Used to identify fungal species.

## Search result

After searching against one database, four files will be created.

### \*\*\*AllSeqs.fasta

All sequences stored in fasta format

### \*\*\*sequencesNotIdentified\*\*\*.fasta
Sequences not identified in `***Best***result.xlsx` file

###  \*\*\*Best \*\*\*Result.xlsx
Best result for each of the query sequences selected by the program.

Selection standards:
* Good species name: not "unknown" or "environmental samples"
* Good taxonomies: of the six terms "species genus family order class phylum", allow missing two of them.
* qcover > 95%
* identity > 97%

Explanation of each column:
* query: name of query sequence
* subject: name of the subject sequence. Usually accession number, which you can fild the sequence by searching the name in NCBI
* identity: percentage of same bases of the aligned part between the query and subject sequences.
* matchLength: matched length between the query and subject sequences.
* qcover: percentage of the query sequences that aligned with the subject sequence.
* taxID: taxomomy id of the species, which you can search in NCBI taxomony to find the all taxomony information.
* identical: identical base count between the query and subject sequence.
* species
* genus
* family
* order
* class
* phylum
* \*\*\*Taxa: taxonomy info stored within the database itself.

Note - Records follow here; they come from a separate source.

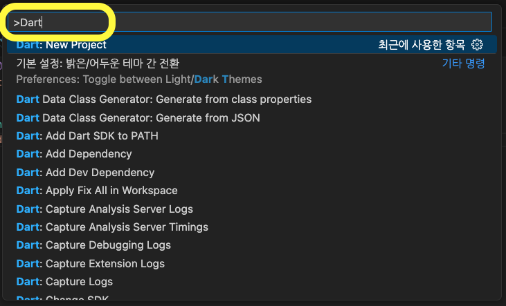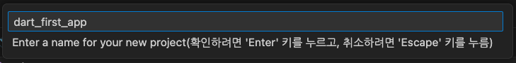 저는 "dart_first_app"라는 폴더명을 사용했습니다.
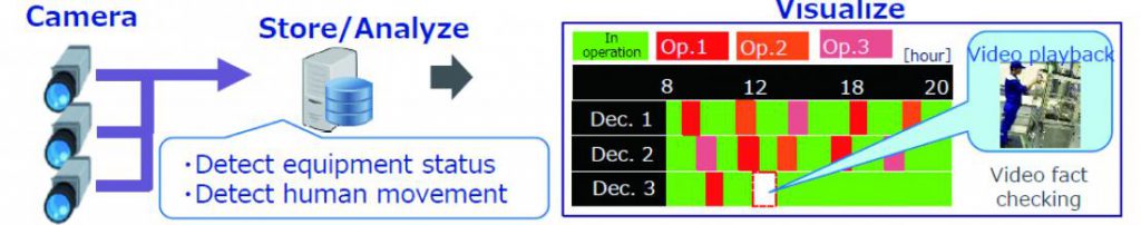 There are two fundamental challenges in data collections on a factory floor. One is that old equipment often requires expensive modification. The other is the difficulty in collecting data regarding how workers move and operate on a factory floor. Visual Analyzer uses AI video analysis technology to extract and visualize operation information and stopping factors from camera images. For example, Visual Analyzer can automate time measurement for preparation-work to detect operation time-out and time-dispersion. For example, Visual Analyzer can automate the time measurement of setup work, detect excess work time and variation, and look back at those images to check the cause.
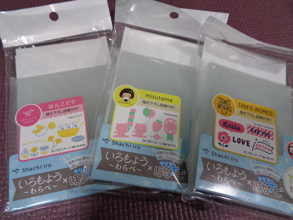 ・いろもよう ~わらべ~×クリアほるナビ TRYセットのゴム板のみ3個です。(インクは付いていません。)
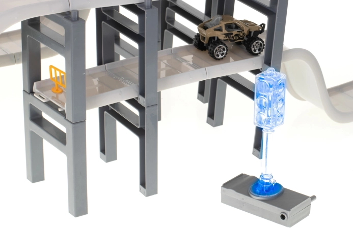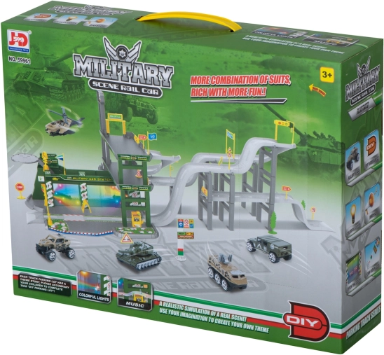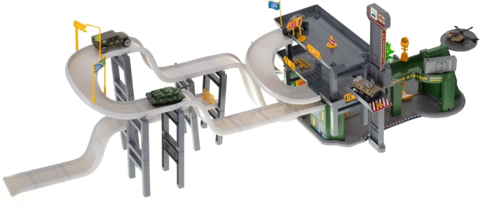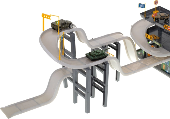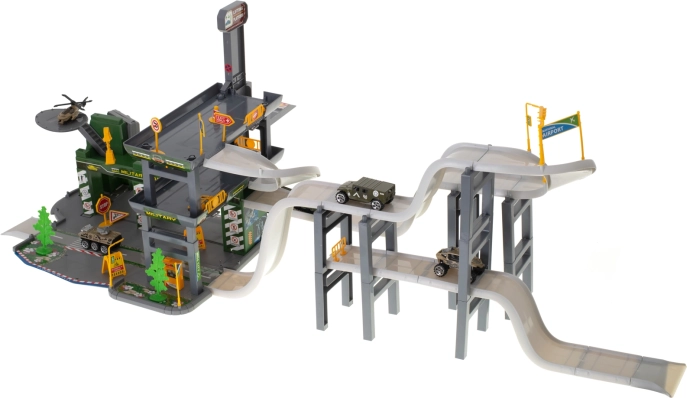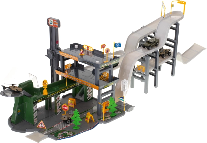 Im Zentrum befindet sich ein drei-stöckiges Gebäude - ein Parkhaus, das durch Wege mit weiteren Ebenen verbunden ist. Von hier aus können Sie direkt auf die Hochstrecke fahren. Stellen Sie Ihr Auto darauf und sehen Sie, wie schnell es nach unten rast! Im oberen Stockwerk gibt es auch einen Hubschrauberlandeplatz. Im Erdgeschoss befindet sich eine Tankstelle mit Benzinpumpen, wo die Fahrzeuge vor dem nächsten spannenden Abenteuer Kraftstoff nachfüllen können! In dem Set finden Sie 4 Fahrzeuge, die mit viel Liebe zum Detail gefertigt sind: ein Geländewagen, ein Geländelastwagen, ein Geländetransporter, ein gepanzerter Panzer und ein Hubschrauber! Jedes Fahrzeug hat bewegliche Räder und eine perfekt nachgebildete militärische Lackierung. Der Hubschrauber hat abnehmbare, bewegliche Rotoren. Alle Fahrzeuge sind in Tarnfarben, wie es sich für Militärfahrzeuge gehört. Mit einem solchen Set ist jede militärische Operation zum Erfolg verurteilt! In dem ästhetischen Bereich finden Sie viele Elemente der Geländeinfrastruktur wie Pflanzen, Schilder, Ampeln, Markierungen oder Barrieren. Teil des Sets ist auch ein großes Sticker-Set, das das gesamte Bauwerk belebt. Dieses Set ist eine großartige Gelegenheit, gemeinsam mit Gleichaltrigen und Erwachsenen Zeit zu verbringen. Dieses Spielzeug ermöglicht es, zu gestalten, zu entdecken, die Vorstellungskraft zu entwickeln und hat einen positiven Einfluss auf die Feinmotorik Ihres Kleinkindes.
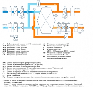 • Управление увлажнителем воздуха с пульта вентустановки.
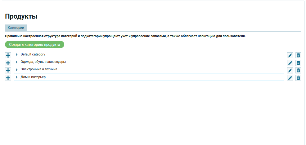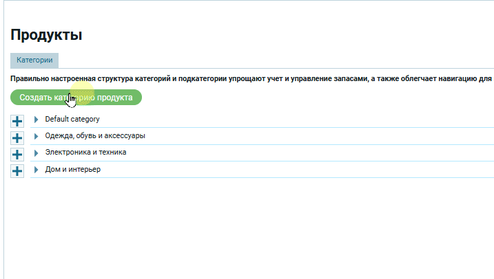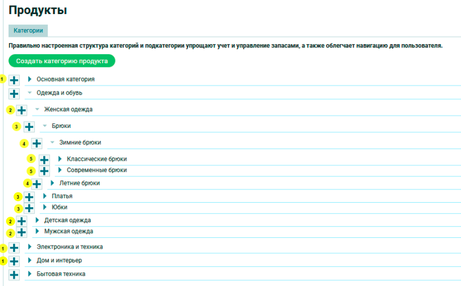 • Создавать основные категории (например, «Одежда», «Электроника», «Товары для дома»);
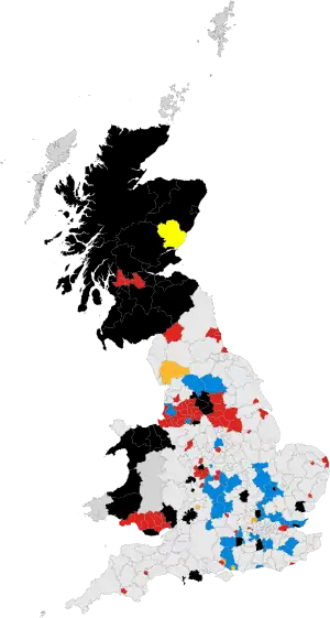 All 36 metropolitan boroughs, 18 out of 55 unitary authorities, 74 out of 201 district councils, all 32 Scottish council areas, 21 out of 22 Welsh principal councils, and 3 directly elected mayors | ||||||||||||||||||||||||||||||||||||||||||||||||||||||||||||||||||||||||||||
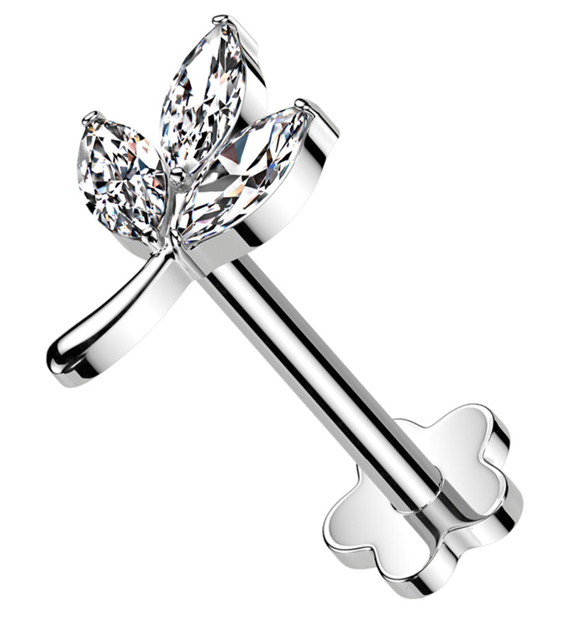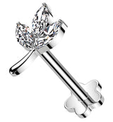 Marquise Leaf Clear CZ Flower Back Titanium Threadless Labret
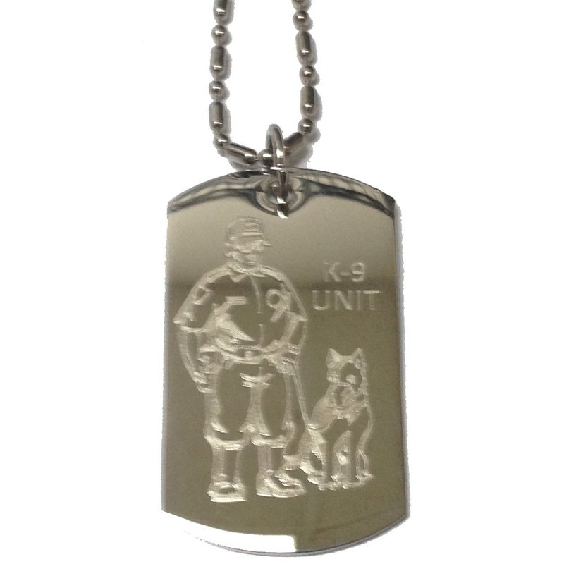 K-9 Unit Police Officer and Dog - Military Dog Tag, Luggage Tag Metal Chain Necklace
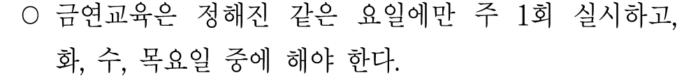 금연교육과는 달리 한 요일에만 꼭 해야 할 필요는 없다.
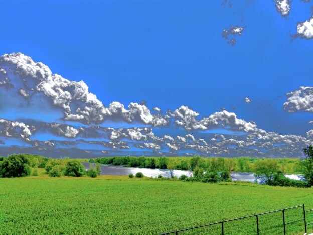 A cathartic spume spread upon the terrestrial environment today. Everything appeared calculated to render a freeing nature to the day. The morning grey cosmic masses incrementally dissolved beneath a light blue sky and fleeting white billows. The corn stalks continued their upward surge, shimmering green in the light wind and mounting brilliant sunshine.
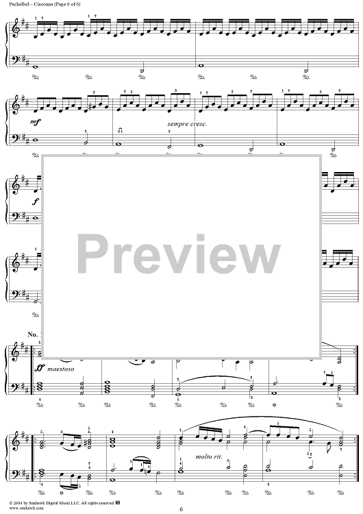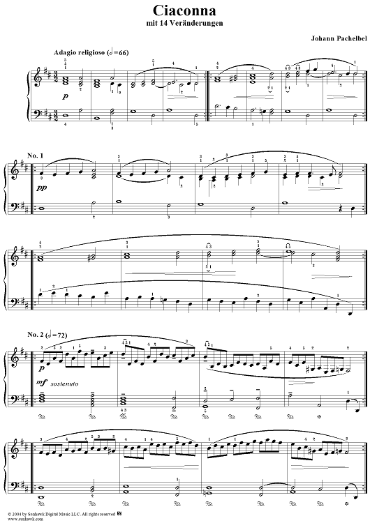 Digital Sheet Music for Ciaconna by Johann Pachelbel scored for Piano Solo; id:295787
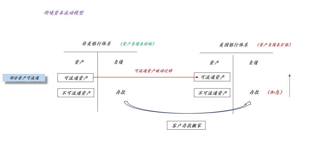 上图刻画了一个很简单的故事,当美联储保持高利率,非美银行体系的平均利率不变,那么,全球会发生存款搬家。于是,美国银行体系的资产负债表扩张,非美银行体系的资产负债表收缩。

### \*\*\*All\*\*\*Result.xlsx
All result of blast search.

## Use the result

Typically, the `***Best***result.xlsx` is good enough. If the  `***sequencesNotIdentified***.fasta` is not empty, it is usually because there are some low-quality bases in the sequences such as `N`'s and the qcover is less than 95. You can check the `***All***Result.xlsx` and select the good one.